Soudan. Attaque imminente dans le nord du Darfour

COMMUNIQUÉ DE PRESSE

AFR 54/061/2007

Amnesty International a mis en garde, ce mardi 9 octobre, contre une grande offensive des forces armées soudanaises dans le nord du Darfour. Selon l’organisation, de nouvelles attaques meurtrières seraient imminentes.

Amnesty International dispose d’informations selon lesquelles les forces armées soudanaises (FAS) seraient en train de se rassembler en grand nombre dans au moins six localités du nord Darfour, notamment à Tine, Kornoy, Um Baru et Kutum.

Les habitants craignent de nouvelles attaques des forces gouvernementales ou de l’opposition armée avant les pourparlers de paix qui doivent s’ouvrir à Tripoli le 27 octobre.

« La région nord du Darfour est contrôlée par des groupes armés d’opposition et il semble que les forces armées soudanaises aient l’intention d’attaquer cette zone avant le début des pourparlers prévus en Libye d’ici la fin du mois d’octobre
, a déclaré Tawanda Hondora, directeur adjoint du programme Afrique d’Amnesty International. Nous craignons que des civils ne soient une nouvelle fois victimes d’homicides et de déplacements forcés, sans personne pour les protéger. »

Le 8 octobre, plus de 40 civils ont été tués et de nombreux autres blessés lorsque les FAS et des membres des Janjawids ont attaqué Muhajeria, ville située à environ 130 kilomètres à l’ouest de Haskanita. L’attaque était appuyée par un avion Antonov des FAS, peint en blanc, couleur généralement utilisée par les Nations unies. Selon les informations dont nous disposons, l’avion Antonov aurait bombardé la zone avant l’attaque. Des avions Antonov de ce type ont été livrés aux forces armées soudanaises par la Russie, la dernière livraison connue remonte à septembre 2006.

Les habitants ont tenté de fuir, l’attaque a fait de nombreux blessés par balles et éclats d’obus dans le camp de la Mission de l’Union africaine au Soudan (MUAS)basée dans la ville. La partie occidentale de la ville aurait été le théâtre de pillages.

Le Soudan n’a plus le droit depuis 2005 de mener des raids aériens offensifs au-dessus du Darfour et a souvent été critiqué pour avoir peint ses appareils en blanc, couleur généralement utilisée par les Nations unies.

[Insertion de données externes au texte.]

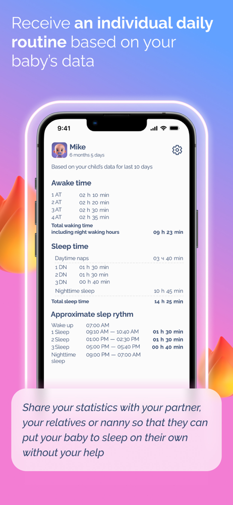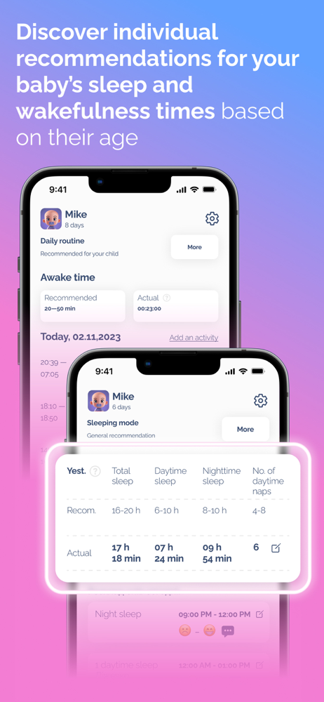 This app is an absolute lifesaver for me! The notifications reminding me when it's time to put my baby to sleep have become my reliable helper. Now, as soon as I receive a notification, I immediately go and put my baby to sleep, and they fall asleep instantly. No more endless struggles with sleep and constant rocking! Thanks to this app, we have established a wonderful sleep routine, and I couldn't be happier.
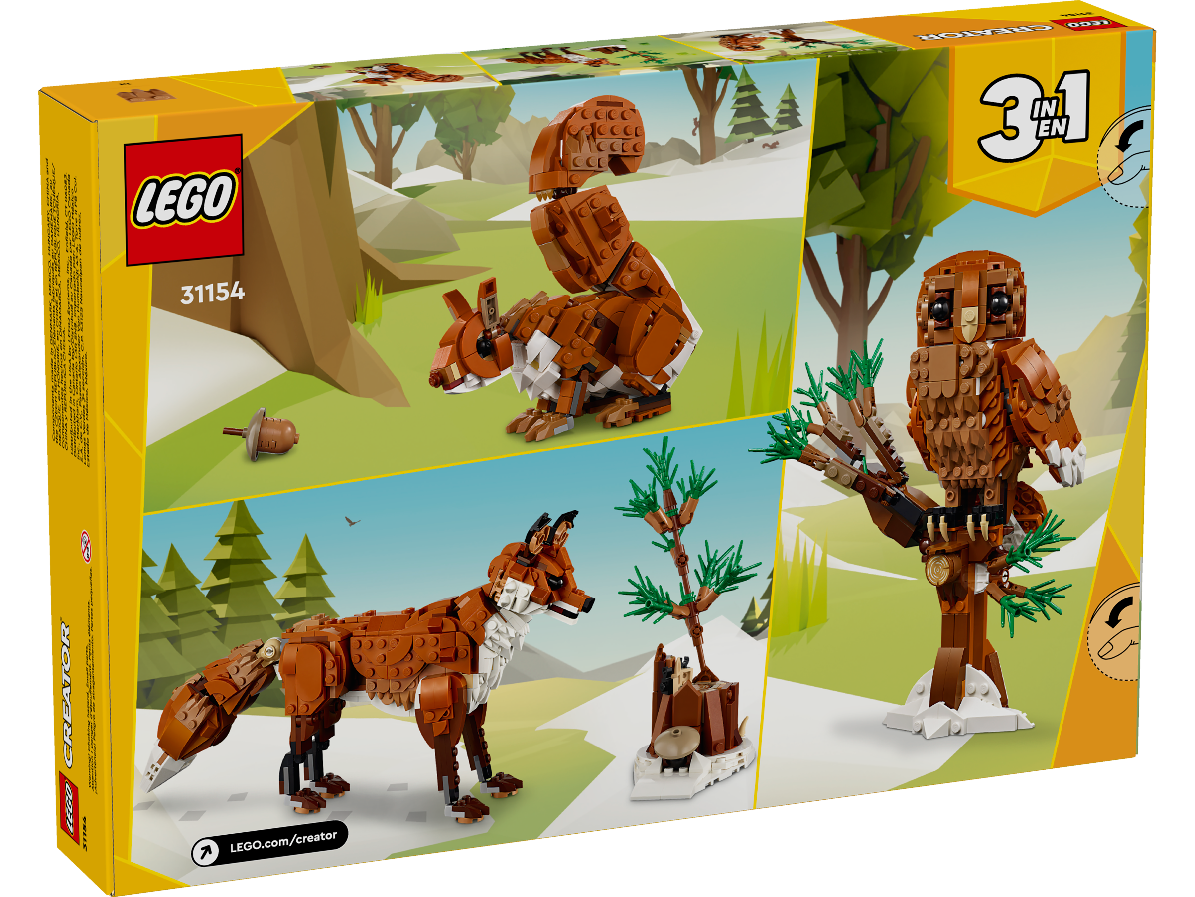 Magical woodland adventures await boys and girls aged 9 when they build, play with and display the 3 different LEGO® animal toys of this Creator Forest Animals: Red Fox (31154) 3in1 playset. It features a highly posable red fox toy that can move its head, neck, legs, paws and tail. It can sit or stand and comes with a snow-covered tree stump and spruce tree stand.
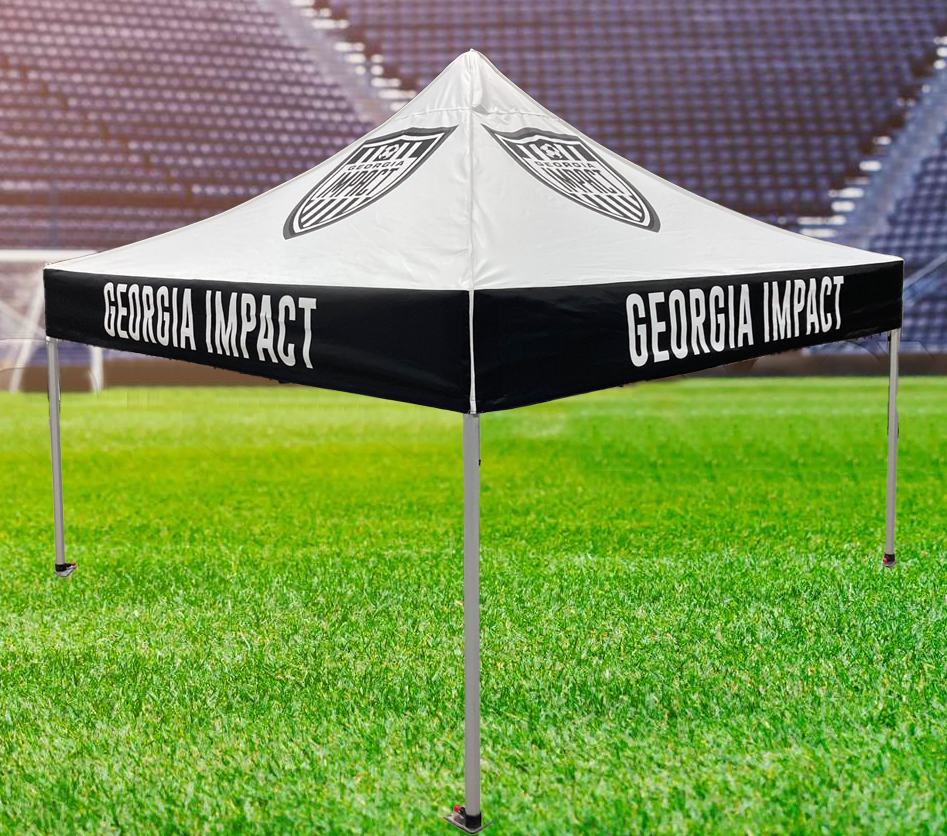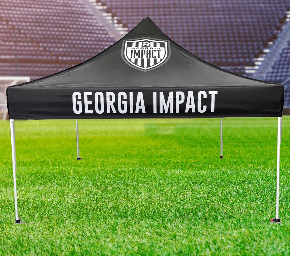 Soccer is likely one of the first sports your kid plays as a youth starting in sports. From the start when they may just be kicking the ball in all directions to pinacle travel soccer the best and most versatile item in your arsenal will be a custom soccer pop-up tent. We spend a lot of time invested in youth sports as parents and a custom soccer pop-up canopy will be a great investment! From showing other teams that you are a serious contender at regular games or in a tournament or just as chance to show off your team pride with logos, colors and even your team sponsors – or attact new sponsors! Your tent will be a great place to gather during a game or during downtime between tournament games. Not to mention it’s a great place for coaches to hold a team meeting in comfort and shelter from the elements. We are sure all players, regardless of age, will be proud to meet in their own special spot. Use a bright, colorful tent to attract your customers to the best the market has to offer. All of that and we design it absolutely free of charge.

« Le rassemblement de forces dans le nord, l’incendie de Haskanita la première semaine d’octobre et l’attaque du 8 octobre sur Muhajeriya montrent qu’il est vital de faire en sorte que l’UNAMID (Mission conjointe des Nations unies et de l’Union africaine au Darfour) soit déployée au plus vite et qu’elle dispose des ressources nécessaires pour protéger les civils,
a déclaré Tawanda Hondora, directeur adjoint du programme Afrique d’Amnesty International.

« Il n’y a pas de temps à perdre. Tout indique que les populations vivant dans le nord courent un grand danger et que davantage de personnels et d’hélicoptères sous commandement militaire doivent être déployés de toute urgence dans la zone dès que possible. »

La MUAS manque de personnel et de moyens pour protéger les civils au Darfour. Quelque sept mille membres des forces de maintien de la paix sont censés se trouver sur place, mais en réalité moins de six mille militaires sont répartis de façon dangereusement éparse sur une région de la taille de la France.

Le gouvernement soudanais empêche fréquemment tout mouvement de la MUAS, insistant sur le fait que la situation n’est pas sûre. Les forces de la MUAS ne peuvent emprunter que des hélicoptères affrétés, dont les pilotes refusent souvent de transporter des troupes dans des zones qu’ils considèrent comme peu sûres.

« Ce serait trahir la population du Darfour si, après tant d’efforts pour obtenir le déploiement d’une force des Nations unies, la communauté internationale laissait les forces des Nations unies en butte aux mêmes problèmes que les forces de l’Union africaine - confrontées à l’obstruction du gouvernement soudanais et au manque de volonté de la communauté internationale de lui accorder les moyens nécessaires », a déclaré Tawanda Hondora.


Complément d’information

Personne n’a encore revendiqué la responsabilité de l’attaque du 29 septembre contre des membres de la mission de maintien de la paix de l’Union africaine au Soudan à Haskanita. On soupçonne un groupe armé d’opposition d’en être à l’origine. La ville a été réoccupée par les FAS peu de temps après l’attaque. Les 5 et 6 octobre, cette localité de 750 habitants a été totalement brûlée. Seules la mosquée et l’école seraient encore debout ; même le puit de forage et le réservoir d’eau auraient été criblés de balles et détruits.